Design of User-Independent Hand Gesture Recognition Using Multilayer Perceptron Networks and Sensor Fusion Techniques

Abstract

According to the World Health Organization, stroke is the third leading cause of disability. A common consequence of stroke is hemiparesis, which leads to the impairment of one side of the body and affects the performance of activities of daily living. It has been proven that targeting the motor impairments as early as possible while using wearable mechatronic devices as a robot assisted therapy, and letting the patient be in control of the robotic system, can improve the rehabilitation outcomes. However, despite the increased progress on control methods for wearable mechatronic devices, a need for a more natural interface that allows for better control remains. In this work, a user-independent gesture classification method based on a sensor fusion technique using surface electromyography (EMG) and an inertial measurement unit (IMU) is presented.
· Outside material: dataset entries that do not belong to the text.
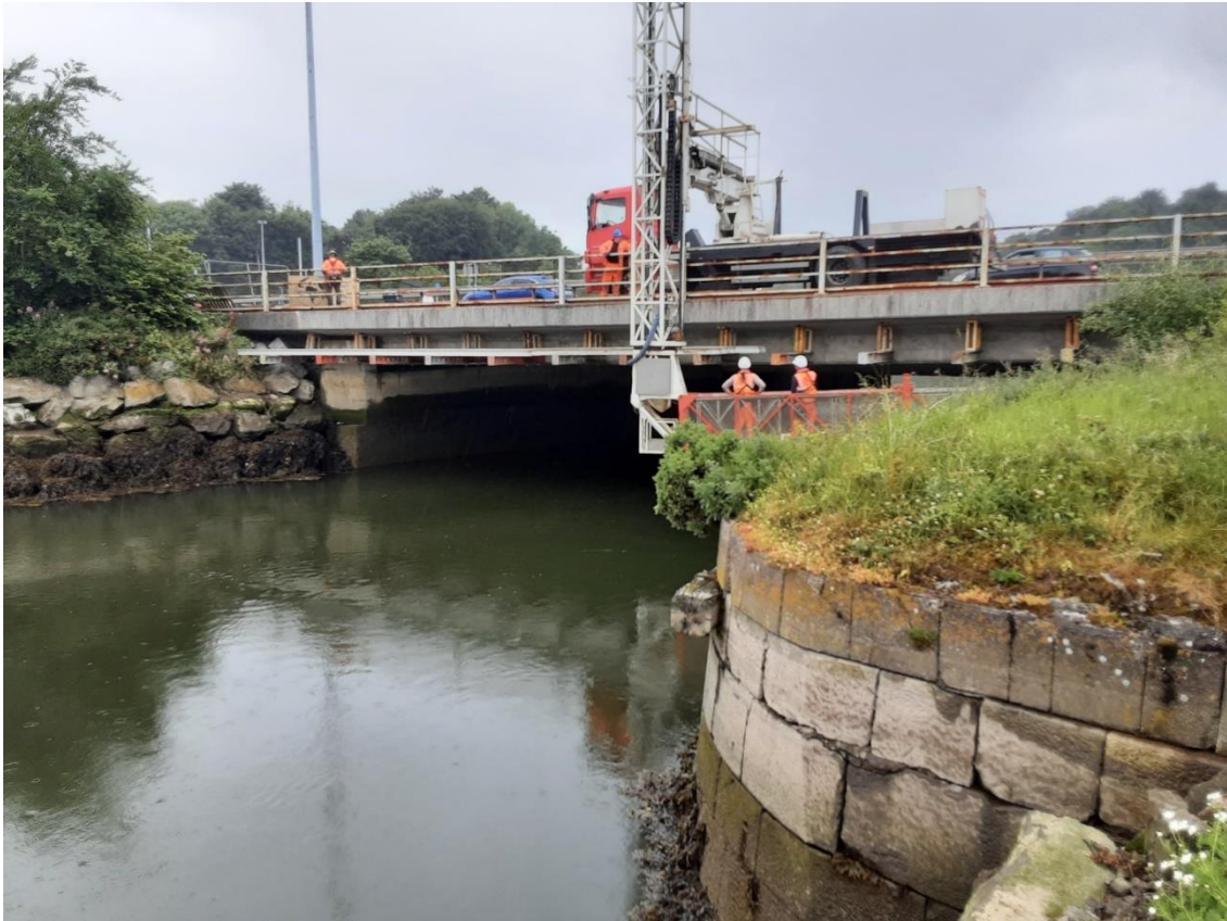
Ongoing preparatory works for the installation of the working platform at ST14.
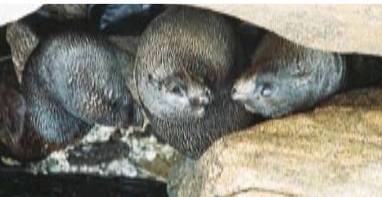
Above New Zealand fur seal.
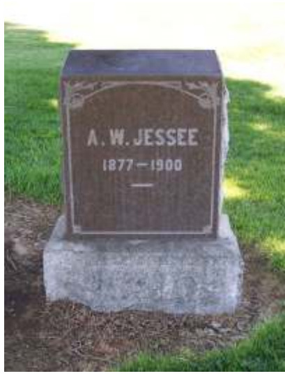
Asher W. Jessee

http://freepages.genealogy.rootsweb.com/~holton/cempics/headstones.htm
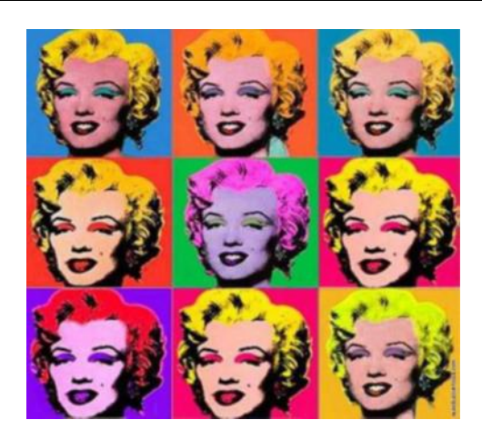
Figure 5: Andy Warhol, Nine Marliyns, 1963.
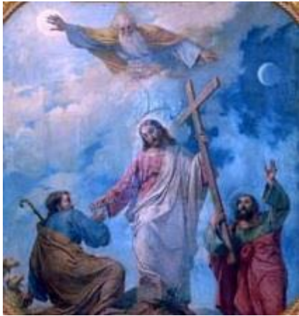
Painting of the first missionaries of Christ, St. Peter and Paul at the Basilica of Nadur, in Gozo, Malta.

I must emphasize that the role of a knight or a dame is to imitate St. Peter and St. Paul in their mission given by the Lord Jesus himself. We can imitate St. Peter and Paul by helping missionaries to reach out and teach the word of God. God bless you in St. Peter and Paul.

The Myo Armband was used to extract EMG and IMU data from healthy subjects. Participants were asked to perform 10 types of gestures in 4 different arm positions while using the Myo on their dominant limb. Data obtained from 14 participants were used to classify the gestures using a Multilayer Perceptron Network. Finally, the classification algorithm was tested on 5 novel users, obtaining an average accuracy of 78.94%. These results demonstrate that by using the proposed approach, it is possible to achieve a more natural human machine interface that allows better control of wearable mechatronic devices during robot assisted therapies.